Mit voller Wucht verändert
Sicher ist sich Jean-Daniel Blanc hingegen, dass die Sihl für die Menschen im Tal früher eine enorme Bedeutung hatte. Zum einen wegen der Hochwassergefahr. Erst mit dem Bau des Stauseedamms bei Einsiedeln im Jahr 1937 sei die Angst davor praktisch verschwunden. Wobei: Heute sei man sich der Gefahr wieder bewusst, wie der Bau des Hochwasser-Entlastungsstollens beweise.
Zum andern hat der Fluss im frühen 19. Jahrhundert einen rasanten wirtschaftlichen Aufschwung ermöglicht. Die Bevölkerungszahl wuchs um ein Vielfaches. «Die Industrialisierung brach mit aller Wucht in das wenig erschlossene Tal ein und veränderte seine Strukturen und sein Aussehen vollständig», hält Blanc fest. Reihenweise Spinnereien und Webereien entstanden, deren Maschinen mit Wasserkraft betrieben wurden. Gebaut wurden deshalb auch Dutzende Sihl-Seitenkanäle, auf dem ganzen Abschnitt von Sihlwald bis Zürich.
Die Kanäle sind fast alle wieder verschwunden. Letzte Zeugen der «industriellen» Sihl seien aber ihre Schwellen, schreibt Blanc: «Überall, wo heute das Wasser rauscht, stand früher ein Wehr zur Ableitung des Wassers in einen Kanal.» Auch viele Fabrikgebäude sind weg. Geblieben ist die Spinnerei Langnau – zwischen Sihl und Bahnhof –, die heute gewerblich genutzt wird. Gut erkennbar ist auch noch die einstige Weberei in Adliswil.
Hinter dem Lidl versteckt
In Gattikon weise hingegen fast nichts mehr auf die industrielle Vergangenheit hin, «obwohl sie hier begonnen hat». Die Reste der Weberei Gattikon – sie war schweizweit die erste Fabrik mit einem Sheddach – wirkten heute «kläglich verborgen» hinter einer Lidl-Filiale, findet Blanc.

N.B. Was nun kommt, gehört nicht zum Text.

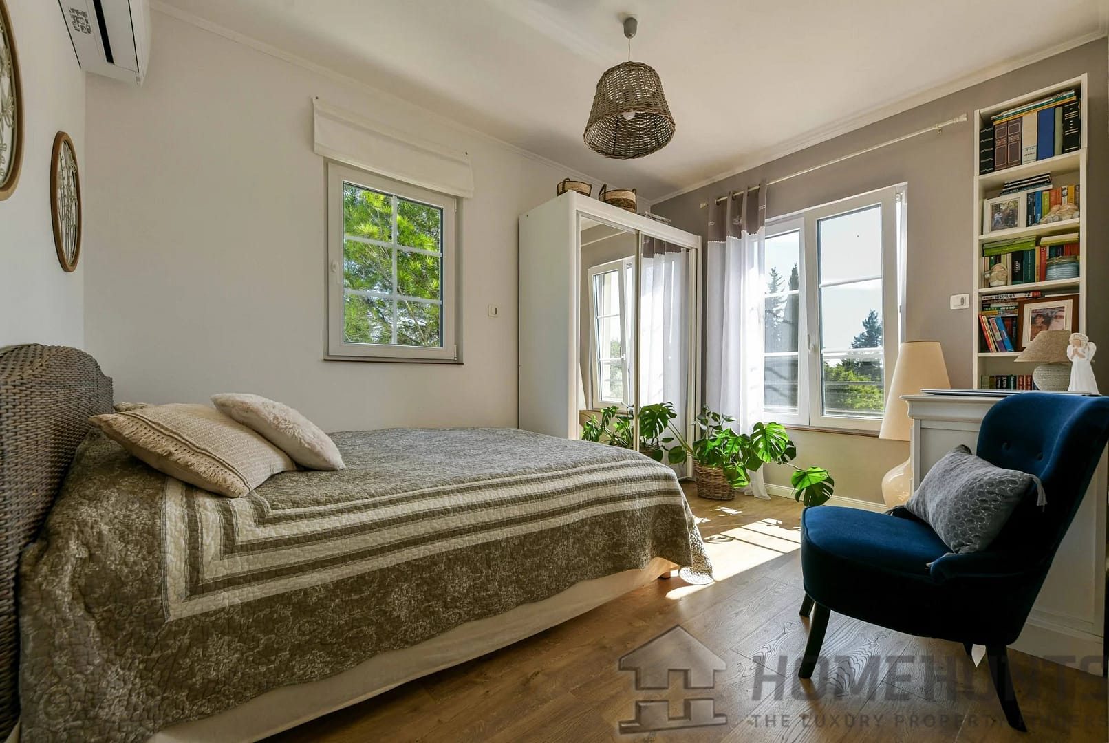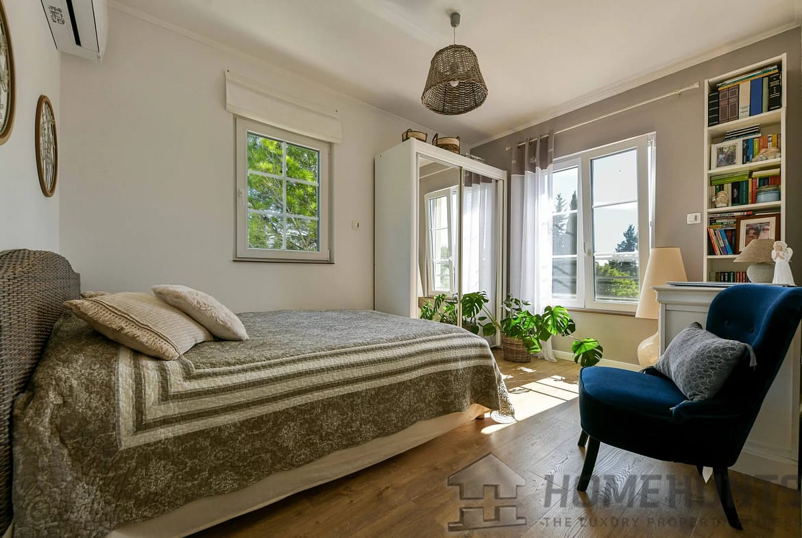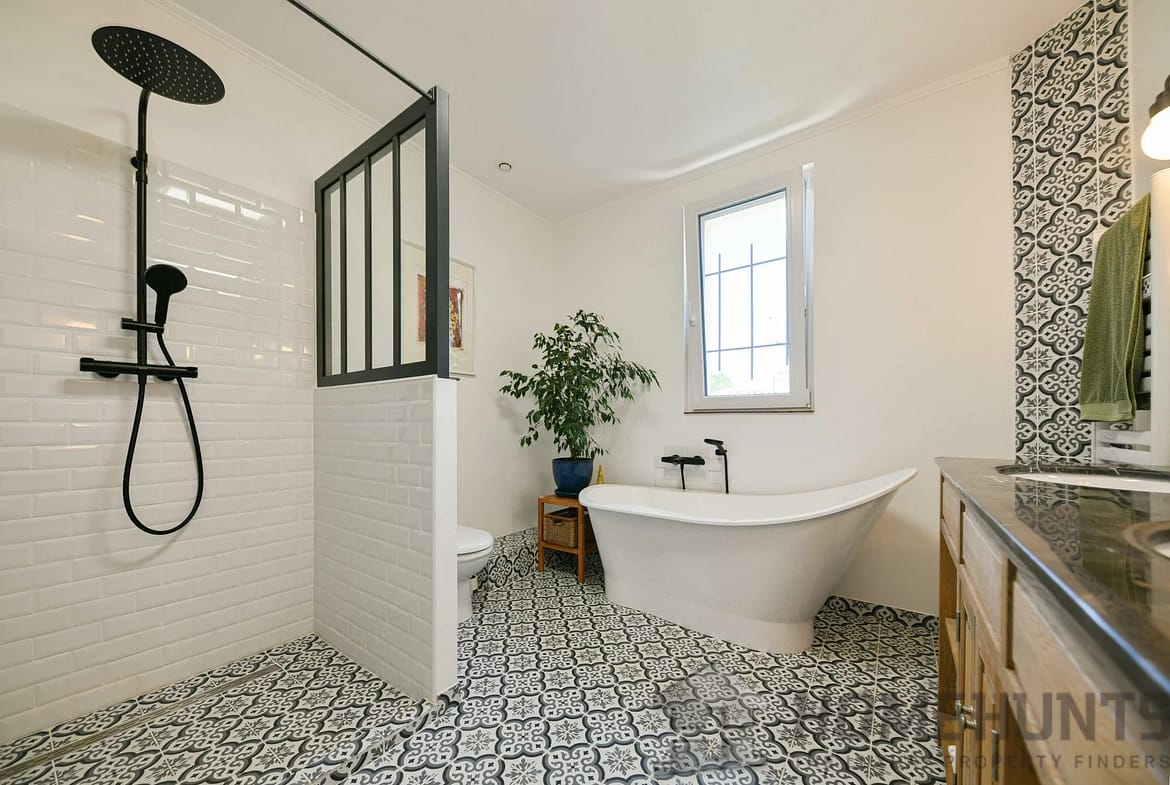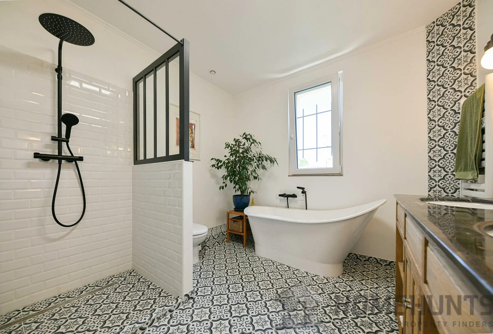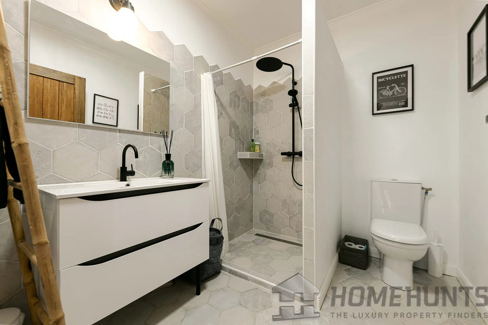 It offers five bedrooms and three bathrooms, including a ground-floor suite, ensuring comfort and privacy for residents and guests alike.

Der Historiker bedauert, dass viele Spuren aus jener Zeit längst verschwunden sind. «Für das Sihltal und seine Bevölkerung wäre es schön, existierten heute noch mehr historische Bauten.» Denn sie förderten das Verständnis für die Geschichte der Sihl. Mit seinem Buch trägt Jean-Daniel Blanc nun selbst zu diesem Verständnis bei.
«Die wilde und die zahme Sihl» von Jean-Daniel Blanc, erschienen im Verlag Hier und Jetzt, erhältlich für 44 Franken.